А  Б  В  Г  Д  Е  Ж  З  И  Й  К  Л  М  Н  О  П  Р  С  Т  У  Ф  Х  Ц  Ч  Ш  Щ  Э  Ю  Я  AZ

 


Услышав мои шаги, Маргрета вдруг обернулась и посмотрела на меня такими глазами, а которых выражались гнев и изумление.
Минуту спустя ее очаровательное лицо покрылось ярким алым румянцем, голова склонилась, по-видимому, она колебалась, потом вдруг пошла еще скорее. Вспомнила ли она меня?.. При одном этом предположении я почувствовал смелость и…
Нет, я не могу повторить слова, с которыми обратился к ней! Теперь, когда я припоминаю, до чего довело нас это роковое свидание, — и теперь мне делается стыдно и страшно передать другим или облечь в более материальную форму слова, какими я объяснился с ней в любви. Может быть, это оскорбленная гордость — гордость вредная, жалкая, бесполезная, только она теперь овладела мной. После того что произошло между нами, мне стыдно начертать пером, стыдно напомнить самому себе то, что я говорил Маргрете Шервин в первое свидание с суровою откровенностью. Я считал долгом жертвовать самолюбием искренности моих признаний. До сих пор везде, кроме этого места моего рассказа, я действительно не уклонялся ни на шаг от истины, входил во все необходимые подробности, не поддаваясь самолюбию, но здесь, в этом месте моей истории, где малейшие мелочи чаще всего вспоминаются мне и, следовательно, без всякого труда могли бы быть мною рассказаны, — вот здесь-то именно в первый и в последний раз я тороплюсь и прохожу скорее мимо… Я не думаю оправдываться в причинах, побуждающих меня к тому, но не могу и не хочу разбирать их.
Итак, собравшись с духом, я заговорил с ней. Моя речь была путаной, но нельзя было не чувствовать в моих словах сердечного отголоска. В продолжение нескольких минут я выразил ей все, что с таким трудом написал на этих длинных страницах. Я высказал еще больше: я выставлял на вид свое имя, свое положение в свете… И теперь еще кровь бросается мне в голову, когда вспомню, как я, желая польстить суетности молоденькой девушки, желая заставить ее выслушать от меня признание в любви, особенно распространялся о моем знатном роде для того, чтобы она хоть ради моей знатности, если не ради пламенной страсти, выслушала меня благосклонно. Никогда еще в жизни я не делал такого дурного расчета, никогда не думал я выигрывать знатностью породы там, где не надеялся добиться успеха своею личностью. Справедливо говорить, что любовь возвышает человека гораздо более, чем другие страсти, но справедливо и то, что никакая страсть не может унизить человека до такой степени, как та же любовь.

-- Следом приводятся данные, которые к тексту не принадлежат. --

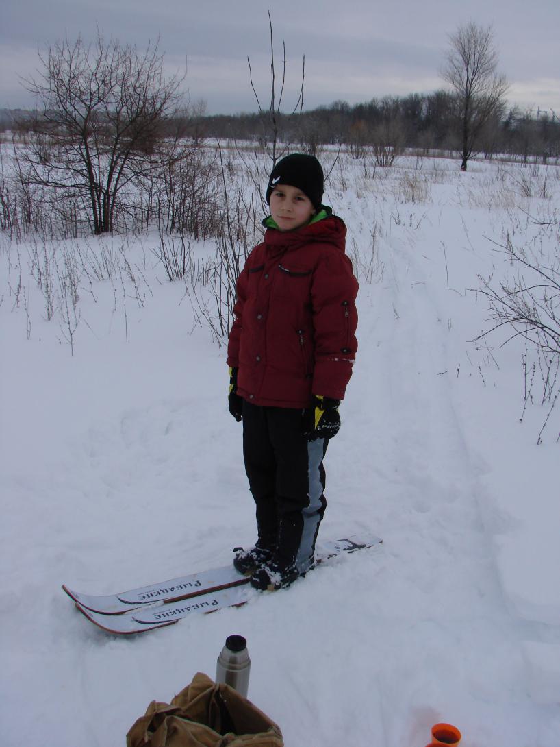 Фото с чаем сделаны на предварительно утоптанной площадке. А так сын шел по целине или за мной по свежей лыжне.

На все мои пламенные речи она отвечала отрывистыми, довольно пошлыми и холодными фразами. Я удивлял и пугал ее, невозможно слушать подобные речи от совершенно незнакомого человека, очень дурно с моей стороны подходить с такими разговорами, очень дурно и с ее стороны останавливаться и слушать меня, мне следовало бы не забывать приличий, которые всегда сохраняют люди моего звания, не следует возобновлять подобных объяснений, я ничего не знаю о ней, следовательно, не было никакой возможности, чтоб она могла до такой степени понравиться мне. Она просила меня, наконец, не препятствовать ей идти своей дорогой.
Так она говорила, то совсем останавливаясь, то вдруг ускоряя свои шаги… Она могла бы прибегнуть к более суровым, более гневным выражениям, но от этого ничуть не ослабилось бы впечатление, которое она на меня производила. При ее взволнованности, при ее тревожной живости лицо ее показалось мне очаровательнее, нежели когда-нибудь.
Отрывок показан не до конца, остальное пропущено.